I am sorry your link took me to a page where I had a choice of several products they make, I had no idea of what to click. I would assume the low level amplifiers are very expensive and hard to come by. I did not find where you stated what voltage you will be measuring. If possible get to know some analog dude, the help will be invaluable. I know nothing about what you are doing but I am assuming you are in the nanovolt to microvolt range, probably AC type of signals. Sorry I cannot help more.

Hi both,

Thanks for taking the time to respond! If it helps basically the products they make are all variations on the theme of detecting cell signals - they vary the format (sometimes we grow cells on chips and sometimes on multiwell plates).

Re voltage range - looking at the literature we expect signals between 50uV and 1500uV depending on the sample. As we haven't measured these ourselves (due to lack of kit) we think it will sit in there based on the literature. I think it would be an AC signal, but I'm not really sure I will dig into it.

Thanks again =)

As a first (very inexpensive) step you could consider trying one of these instrumentation amp boards

https://www.aliexpress.com/item/33060195677.html

with the arduino on its "INTERNAL" reference.

That gives a native resolution of 1.1/1024 ie about 1mV

and with a gain of 1000 a resolution of 1uV.

I think it would be an AC signal, but I'm not really sure

I'm not aware of ANY biological system that produces DC.

johnerrington:
As a first (very inexpensive) step you could consider trying one of these instrumentation amp boards

https://www.aliexpress.com/item/33060195677.html

with the arduino on its "INTERNAL" reference.
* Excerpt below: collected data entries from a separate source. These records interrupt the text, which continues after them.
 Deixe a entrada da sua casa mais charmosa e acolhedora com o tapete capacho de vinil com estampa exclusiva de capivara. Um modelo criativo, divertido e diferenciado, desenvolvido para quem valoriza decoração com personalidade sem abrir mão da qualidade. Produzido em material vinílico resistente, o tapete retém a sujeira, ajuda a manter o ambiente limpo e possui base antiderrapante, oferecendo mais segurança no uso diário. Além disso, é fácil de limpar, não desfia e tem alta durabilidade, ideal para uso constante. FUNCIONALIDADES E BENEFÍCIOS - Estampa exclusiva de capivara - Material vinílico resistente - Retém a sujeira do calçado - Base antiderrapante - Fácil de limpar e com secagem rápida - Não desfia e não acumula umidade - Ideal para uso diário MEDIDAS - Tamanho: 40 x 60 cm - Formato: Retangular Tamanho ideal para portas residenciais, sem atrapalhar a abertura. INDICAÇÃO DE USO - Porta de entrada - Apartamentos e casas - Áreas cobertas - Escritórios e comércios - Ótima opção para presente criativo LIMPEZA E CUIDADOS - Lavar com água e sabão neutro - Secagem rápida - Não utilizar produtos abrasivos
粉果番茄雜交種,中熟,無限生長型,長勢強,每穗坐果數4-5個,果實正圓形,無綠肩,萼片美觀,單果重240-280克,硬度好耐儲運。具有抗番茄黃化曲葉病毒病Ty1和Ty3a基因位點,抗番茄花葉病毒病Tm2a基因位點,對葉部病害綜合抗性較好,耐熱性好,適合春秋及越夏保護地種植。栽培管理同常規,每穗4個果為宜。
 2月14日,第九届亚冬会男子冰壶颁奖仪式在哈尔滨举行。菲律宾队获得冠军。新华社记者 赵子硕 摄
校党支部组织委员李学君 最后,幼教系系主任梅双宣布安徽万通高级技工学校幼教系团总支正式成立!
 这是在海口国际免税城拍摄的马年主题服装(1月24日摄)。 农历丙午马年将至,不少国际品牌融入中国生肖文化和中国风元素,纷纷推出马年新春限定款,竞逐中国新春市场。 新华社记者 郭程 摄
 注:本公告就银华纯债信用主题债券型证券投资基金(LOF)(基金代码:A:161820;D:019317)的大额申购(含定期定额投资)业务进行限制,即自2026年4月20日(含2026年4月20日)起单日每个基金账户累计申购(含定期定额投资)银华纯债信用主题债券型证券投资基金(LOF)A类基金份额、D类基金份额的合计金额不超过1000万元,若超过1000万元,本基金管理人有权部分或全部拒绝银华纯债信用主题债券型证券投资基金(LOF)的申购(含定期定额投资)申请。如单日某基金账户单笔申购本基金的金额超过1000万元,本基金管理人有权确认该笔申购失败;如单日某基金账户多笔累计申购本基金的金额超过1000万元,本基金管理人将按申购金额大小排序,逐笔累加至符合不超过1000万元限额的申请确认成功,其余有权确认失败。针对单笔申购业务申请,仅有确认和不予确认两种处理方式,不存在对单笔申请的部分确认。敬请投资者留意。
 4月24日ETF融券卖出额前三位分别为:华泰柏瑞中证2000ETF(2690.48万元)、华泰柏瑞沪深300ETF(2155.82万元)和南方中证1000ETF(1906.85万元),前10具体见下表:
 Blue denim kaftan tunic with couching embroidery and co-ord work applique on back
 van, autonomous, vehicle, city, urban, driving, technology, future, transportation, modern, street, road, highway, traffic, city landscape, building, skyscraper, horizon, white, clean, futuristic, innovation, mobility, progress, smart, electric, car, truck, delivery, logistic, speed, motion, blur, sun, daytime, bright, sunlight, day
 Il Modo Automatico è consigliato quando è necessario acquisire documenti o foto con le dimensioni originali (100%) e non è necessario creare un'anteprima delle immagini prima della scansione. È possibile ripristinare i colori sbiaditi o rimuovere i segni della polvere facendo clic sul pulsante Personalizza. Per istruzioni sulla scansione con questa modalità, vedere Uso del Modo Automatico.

That gives a native resolution of 1.1/1024 ie about 1mV

and with a gain of 1000 a resolution of 1uV.

I'm not aware of ANY biological system that produces DC.

Thank you! That's very helpful. Would a filter be needed along with this? Sorry if this is a painfully stupid question, just wondering about how much interference/noise will be an issue,

you can implement a digital filter in arduino.
Until you try it you wont know what the sources and levels of interference are.
Having tried it you could move from the arduino's native ADC to using a better ADC.

Read this thread regarding noise decoupliong and grounding

https://forum.arduino.cc/index.php?topic=733205.msg4937466#msg4937466

better ADC's

This is great John thanks very much!

Coincidentally my testbook on DSP, "Digital Signal Processing a Practical Approach", Ifeachor&Jervis,
has biomedical signal processing as worked examples including EEG and ECG. From what I remember
you'd normally use a high order phase-linear FIR bandpass filter on such signals to knock out mains
frequencies and above, and DC drifts. Mains frequency and its harmonics are a major source of
interference.

I think its quite a lot of work to get high quality signals as you'd need good analog anti-alias filter,
then sampling around several 100 Hz, then perhaps 100+ tap FIR lowpass filter with cutoff 40Hz or so,
an IIR filter to lose DC drift, and all for many channels simultaneously?

Hi Mark - I used to work as an electroencephalographer.
EEG signals are much smaller than ECG, and muscle EMG was also an issue. We certainly in those days didnt have ANY advanced filtering. The LF signals were chnged to AC with electromechanical choppers!

However in the scenario described these are not present, and i believe other sources of interference can easily be minimised.

Need to carry out the experiment first!